At their fifth workshop, the board of directors of the Georgetown Divide Public Utility District finalized a Request for Proposal (RFP) to hire a new general counsel for the district. The reworked RFP will be presented at the next regular board meeting for approval.
With half of the workshop spent parsing the language of the RFP, there were some differences in what should be included depending how different members saw the role of counsel vis-a-vis the general manager and the board.
Board members Norm Krizl and Ray Griffiths wanted to ensure that the general manager had access to counsel without having to go through the board president. However, board members Kathy Otermat and Bonnie McLane wanted it made clear that counsel reported to the board of directors and not to the general manager.
Resident Dennis Goodenow of Garden Valley questioned why the board was spending time developing the RFP. “Your time should be spent on more executive things,” he said.
Otermat replied that because the district was under-staffed, she volunteered to do it. McLane noted that it would have been costly to hire a consultant to do the RFP, so the board thought it would do it during one of their workshops.
The entire board will make the decision of which candidates to interview once it receives responses to the RFP, which it expects to release in February.
Interim counsel John Knowlton has already indicated he intends to apply as permanent counsel.
The board then moved on to reviewing draft board policies that had been circulated at a previous workshop. Thirty-four pages of policies were available with more promised to come.

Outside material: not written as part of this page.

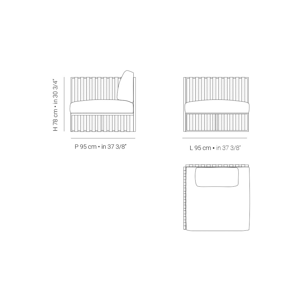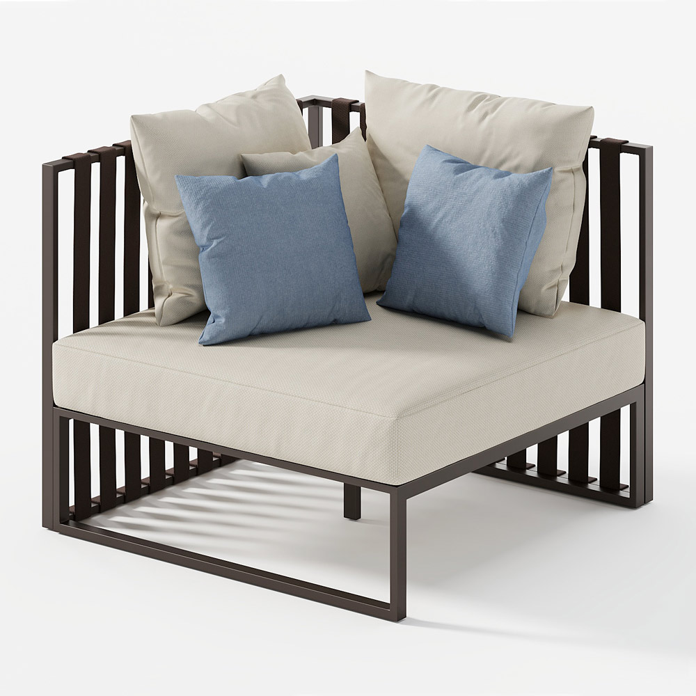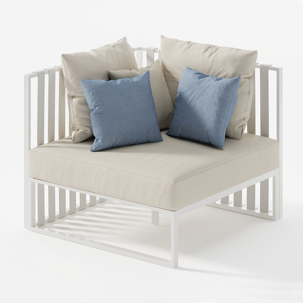 Right corner outdoor armchair in aluminum and straps with Made in Italy padded cushions

Board member Maria Capraun asked about board liability insurance and requested that it be included in the policy manual. She also suggested the board hire a board clerk to maintain all the paperwork they are creating.
The board then moved on to discuss whether to use the policy manual as a meeting guide or instead to use Robert’s Rules of Order. Otermat said she wanted the board to have protocols for everything. “The scariest thing is to run on custom,” she warned.
Griffiths responded that “our purpose is to run a water district, not to do the protocol thing.”
Goodenow said that many of the proposed policies were already in ordinance form and the board might have to go back and suspend the old ordinances.
General Manager Hank White said the new policies may not have the same authority or “teeth” as a board resolution. He advised the board to get legal advice first, saying that implementing an assessment district, for example, would need an ordinance.
Krizl suggested whittling down the new policies so they wouldn’t be in conflict with ordinances the district has had in place for decades.
Goodenow again questioned why the board was revising its policies. “This takes a lot of board and staff time to do and the workshop method is not a good way to get it done,” he said.
He also complained that some of the policy material set too low a standard, especially as it pertained to outlining how board members should conduct themselves. “These policies reflect on the board and the community and the wording should be more about policy than controlling behaviors,” he said.
McLane agreed, saying that some of the material bordered on micromanaging people’s behavior.
Otermat said the policies came from the California Special District policy handbook, to which Goodenow replied, “this is an example of what not to borrow from your neighbor.”
The last item taken up by the board was potential changes to the district’s ditch maintenance policies. White said the district has an existing ordinance that governs irrigation service. He suggested a starting place for the board would be to review the deed to the ditch system. The entire ditch system was bought by the district back in 1961. “We own the right to use and maintain it,” he said.
Capraun then read from the standard guidelines for maintaining ditches from the Corps of Engineers. She claimed there were problems in notifying property owners when work needed to be done.
White reminded the board that most of the ditches are 150 years old and there are 70 to 75 miles of them. Easements also vary in size. He concluded by saying there is an existing ordinance that covers most aspects of ditch maintenance.
With time running out, the discussion ended.
The next workshop will be on Feb. 7, from 4 to 6 p.m., at the district headquarters. The main topic will be reviewing the policy on the use of district vehicles. The board will also continue its review of board and ditch maintenance policies.